WHO statistics indicate that the possibility of developing iron deficiency anemia during pregnancy does not directly depend on either the financial situation or the social status of the woman. Domestic data demonstrate a gradual increase in the number of cases of this pathology. This is due to the fact that even a normal pregnancy predisposes to the development of iron deficiency anemia, since it is during this period that active consumption of iron occurs. It is necessary for the formation of the placenta and the circulatory system of the fetus. At a later date, the microelement is deposited in the fetoplacental complex of the unborn child: the formation of this reserve is also ensured by the body of the pregnant woman. Iron continues to be actively consumed later - during childbirth (due to blood loss) and during lactation.

Nutrition for anemia:

It is important to remember that iron, which is absorbed by the human body, is found in the following foods: liver (the champion in iron content), meat, fish, eggs. Apples, pomegranates and other fruits and vegetables contain small amounts of iron that are not absorbed. But vegetables and fruits are necessary, as they contain vitamins, microelements and fiber necessary for the absorption of foods containing iron.

The daily intake of meat, liver, or fish is at least 200 grams, as well as 1 egg. Only 2.5 mg of iron per day is absorbed from food (6-7 mg is needed during pregnancy), 15-20 times more from iron supplement tablets, so all pregnant women need a preventive dose of iron of 60 mg per day, which is contained in all vitamin and mineral supplements. complexes for pregnant women. Pregnant women with hidden iron deficiency or clinical anemia need a therapeutic dose of 100-200 mg. You need to know that tea, coffee, legumes, grains, rice, and dairy products significantly reduce the absorption of iron from foods and medications. Products containing vitamin C accelerate the absorption of iron entering the gastrointestinal tract.

Proper nutrition, timely prevention and treatment guarantee a reduction in complications for mother and child.

Iron deficiency conditions and iron deficiency anemia in women of childbearing age

Iron is one of the most important elements in the human body and is part of many substrates and enzymes responsible for the transport of oxygen to cells, the functioning of the mitochondrial respiratory chain, redox cellular reactions, antioxidant protection, the functioning of the nervous and immune systems, etc.

The average adult human body contains about 3–4 g of iron (Fe) (about 40 mg Fe/kg body weight in women and about 50 mg Fe/kg body weight in men).

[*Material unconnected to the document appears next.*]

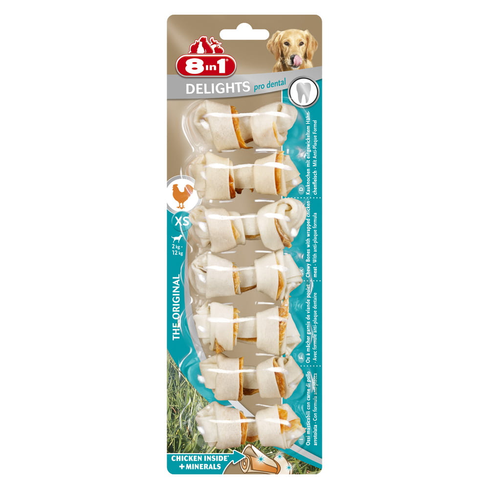 8in1 Delights Pro Dental to unikalne połączenie środka do pielęgnacji zębów, gryzaka oraz wyśmienitego przysmaku. Zawierają dużą porcję smacznego mięsa z kurczaka owiniętą twardą skórą wołową - z dodatkiem minerałów czyszczących zęby.

Most of the iron (60%, or more than 2 g) is contained in hemoglobin (Hb), about 9% of iron is in myoglobin, about 1% is contained in heme and non-heme enzymes. 25–30% of iron is in the depot, being associated mainly with the protein ferritin, as well as with hemosiderin [1, 2] (Table 1).

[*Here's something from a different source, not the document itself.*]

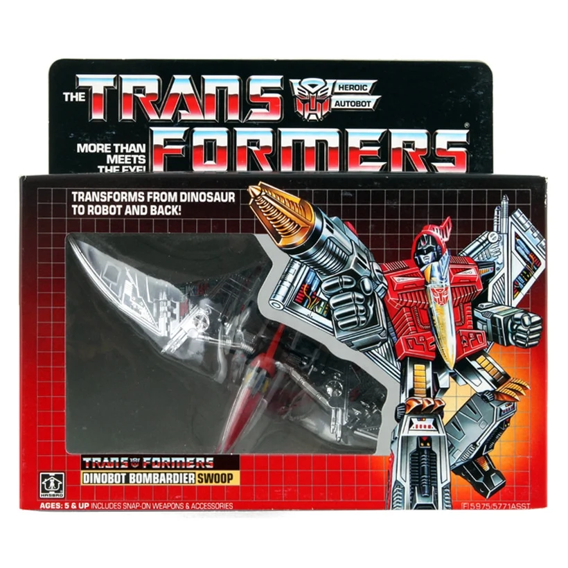 Swoop's toy transforms into a robotic Pteranodon. Swoop can stand on his beast feet or lie on his stomach in this mode, but additionally has fold-out wheels located in his feet and chest (though one has to split his chest open to access the latter wheel). His beak and tail were rounded for safety reasons compared to the original Diaclone release. However, the remolding of the tail kept the tail sticker from fitting correctly. Interestingly, despite being a former Diaclone toy, Swoop is the only Dinobot not to have an obvious cockpit for a Diaclone driver figure. Swoop's die-cast metal chest is painted red, which is his Transformers color, as opposed to his cartoon color scheme which was based on the Diaclone toy. Along with his sword, he also comes with two spring-loaded missile launchers, the only Dinobot to have two projectile-launchers (and no non-firing gun to boot.) Swoop is notable for being one of the most fragile Generation 1 toys, and as such commands a respectable amount of money on the secondary market due to the difficulty in finding one intact. In Japan, Swoop and the other Dinobots were offered as mail-away items during Operation Combination. Swoop cost 1800 yen (his original retail price, less than the other four) and two Robot Points.

The exclusive role of iron and its significant amount in the body determine the high daily requirement for iron, which depends on age and gender.

The highest need for iron is observed in children of the first years of life (about 1 mg per day), which is associated with high rates of growth and development; during puberty, especially in girls due to the onset of menstruation (about 2 mg/day); in women of childbearing age who have monthly menstrual iron losses (about 2.5 mg/day), in pregnant women, especially in the third trimester of pregnancy (up to 6 mg/day), which is associated with the growth and formation of the fetus and an increase in the number of red blood cells in the mother , in lactating women (about 3 mg/day) [3]. The lowest requirement for iron is typical for adult men - about 1 mg/day, which is comparable to the need for a child of the first year of life [4, 5]. The higher the daily requirement for iron, the more likely it is to develop iron deficiency (ID) and its most severe stage - iron deficiency anemia (IDA).

The nature of the diet is of great importance in providing the body with iron. Many foods of plant origin and mushrooms contain large amounts of iron, but it is presented in the form of salts with low bioavailability, due to which only a small percentage (1–7%) is absorbed in the intestines. In products of animal origin, iron is presented in the form of heme, which ensures its high absorption capacity (bioavailability 25–30%) [5]. Therefore, to provide the body with iron, it is necessary to consume meat, liver and other animal products. Considering that many women of childbearing age are addicted to various “diets” low in animal products, their risk of developing ID increases.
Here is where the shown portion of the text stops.